Given information Start Marker
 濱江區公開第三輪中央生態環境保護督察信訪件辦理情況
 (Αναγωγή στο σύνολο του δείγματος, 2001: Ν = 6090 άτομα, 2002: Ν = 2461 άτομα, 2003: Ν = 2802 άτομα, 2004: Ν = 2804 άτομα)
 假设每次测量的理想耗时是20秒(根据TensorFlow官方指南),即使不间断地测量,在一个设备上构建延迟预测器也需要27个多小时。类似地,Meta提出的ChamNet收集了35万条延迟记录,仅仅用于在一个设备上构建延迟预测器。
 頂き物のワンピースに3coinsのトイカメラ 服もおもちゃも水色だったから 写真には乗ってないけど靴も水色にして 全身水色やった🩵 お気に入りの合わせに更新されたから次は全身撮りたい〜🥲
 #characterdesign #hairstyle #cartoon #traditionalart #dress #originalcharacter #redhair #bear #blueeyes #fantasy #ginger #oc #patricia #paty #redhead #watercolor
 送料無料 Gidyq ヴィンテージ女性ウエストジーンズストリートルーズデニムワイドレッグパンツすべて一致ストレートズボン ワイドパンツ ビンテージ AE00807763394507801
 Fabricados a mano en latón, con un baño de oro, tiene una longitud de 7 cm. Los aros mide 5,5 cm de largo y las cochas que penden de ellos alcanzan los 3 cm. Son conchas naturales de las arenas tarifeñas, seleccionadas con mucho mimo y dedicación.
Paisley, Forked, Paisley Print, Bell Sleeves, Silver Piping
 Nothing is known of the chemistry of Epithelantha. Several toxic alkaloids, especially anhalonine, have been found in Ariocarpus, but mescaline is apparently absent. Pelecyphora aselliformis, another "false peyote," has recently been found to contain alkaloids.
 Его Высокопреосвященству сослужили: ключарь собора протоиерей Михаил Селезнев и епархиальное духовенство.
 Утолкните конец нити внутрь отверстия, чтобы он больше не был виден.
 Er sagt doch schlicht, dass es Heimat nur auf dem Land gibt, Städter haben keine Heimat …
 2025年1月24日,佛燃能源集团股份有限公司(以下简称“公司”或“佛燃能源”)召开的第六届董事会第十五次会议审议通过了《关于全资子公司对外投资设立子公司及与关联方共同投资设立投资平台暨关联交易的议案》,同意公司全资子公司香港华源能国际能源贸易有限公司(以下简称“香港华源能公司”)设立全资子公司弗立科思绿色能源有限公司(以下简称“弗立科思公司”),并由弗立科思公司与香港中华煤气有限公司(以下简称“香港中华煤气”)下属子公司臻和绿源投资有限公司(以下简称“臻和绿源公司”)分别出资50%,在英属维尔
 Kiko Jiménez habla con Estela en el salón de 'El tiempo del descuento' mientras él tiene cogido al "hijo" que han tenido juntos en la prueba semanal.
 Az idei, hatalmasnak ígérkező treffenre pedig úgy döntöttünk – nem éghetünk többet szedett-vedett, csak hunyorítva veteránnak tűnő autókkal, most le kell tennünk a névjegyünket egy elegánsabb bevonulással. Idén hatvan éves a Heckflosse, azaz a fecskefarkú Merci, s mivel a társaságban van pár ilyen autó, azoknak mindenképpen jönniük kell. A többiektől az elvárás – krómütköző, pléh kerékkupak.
Given information End Marker
**Task brief:**
Transcribe all of the data above, keeping each line exactly as it stands.

**Result of this task:**
 濱江區公開第三輪中央生態環境保護督察信訪件辦理情況
 (Αναγωγή στο σύνολο του δείγματος, 2001: Ν = 6090 άτομα, 2002: Ν = 2461 άτομα, 2003: Ν = 2802 άτομα, 2004: Ν = 2804 άτομα)
 假设每次测量的理想耗时是20秒(根据TensorFlow官方指南),即使不间断地测量,在一个设备上构建延迟预测器也需要27个多小时。类似地,Meta提出的ChamNet收集了35万条延迟记录,仅仅用于在一个设备上构建延迟预测器。
 頂き物のワンピースに3coinsのトイカメラ 服もおもちゃも水色だったから 写真には乗ってないけど靴も水色にして 全身水色やった🩵 お気に入りの合わせに更新されたから次は全身撮りたい〜🥲
 #characterdesign #hairstyle #cartoon #traditionalart #dress #originalcharacter #redhair #bear #blueeyes #fantasy #ginger #oc #patricia #paty #redhead #watercolor
 送料無料 Gidyq ヴィンテージ女性ウエストジーンズストリートルーズデニムワイドレッグパンツすべて一致ストレートズボン ワイドパンツ ビンテージ AE00807763394507801
 Fabricados a mano en latón, con un baño de oro, tiene una longitud de 7 cm. Los aros mide 5,5 cm de largo y las cochas que penden de ellos alcanzan los 3 cm. Son conchas naturales de las arenas tarifeñas, seleccionadas con mucho mimo y dedicación.
Paisley, Forked, Paisley Print, Bell Sleeves, Silver Piping
 Nothing is known of the chemistry of Epithelantha. Several toxic alkaloids, especially anhalonine, have been found in Ariocarpus, but mescaline is apparently absent. Pelecyphora aselliformis, another "false peyote," has recently been found to contain alkaloids.
 Его Высокопреосвященству сослужили: ключарь собора протоиерей Михаил Селезнев и епархиальное духовенство.
 Утолкните конец нити внутрь отверстия, чтобы он больше не был виден.
 Er sagt doch schlicht, dass es Heimat nur auf dem Land gibt, Städter haben keine Heimat …
 2025年1月24日,佛燃能源集团股份有限公司(以下简称“公司”或“佛燃能源”)召开的第六届董事会第十五次会议审议通过了《关于全资子公司对外投资设立子公司及与关联方共同投资设立投资平台暨关联交易的议案》,同意公司全资子公司香港华源能国际能源贸易有限公司(以下简称“香港华源能公司”)设立全资子公司弗立科思绿色能源有限公司(以下简称“弗立科思公司”),并由弗立科思公司与香港中华煤气有限公司(以下简称“香港中华煤气”)下属子公司臻和绿源投资有限公司(以下简称“臻和绿源公司”)分别出资50%,在英属维尔
 Kiko Jiménez habla con Estela en el salón de 'El tiempo del descuento' mientras él tiene cogido al "hijo" que han tenido juntos en la prueba semanal.
 Az idei, hatalmasnak ígérkező treffenre pedig úgy döntöttünk – nem éghetünk többet szedett-vedett, csak hunyorítva veteránnak tűnő autókkal, most le kell tennünk a névjegyünket egy elegánsabb bevonulással. Idén hatvan éves a Heckflosse, azaz a fecskefarkú Merci, s mivel a társaságban van pár ilyen autó, azoknak mindenképpen jönniük kell. A többiektől az elvárás – krómütköző, pléh kerékkupak.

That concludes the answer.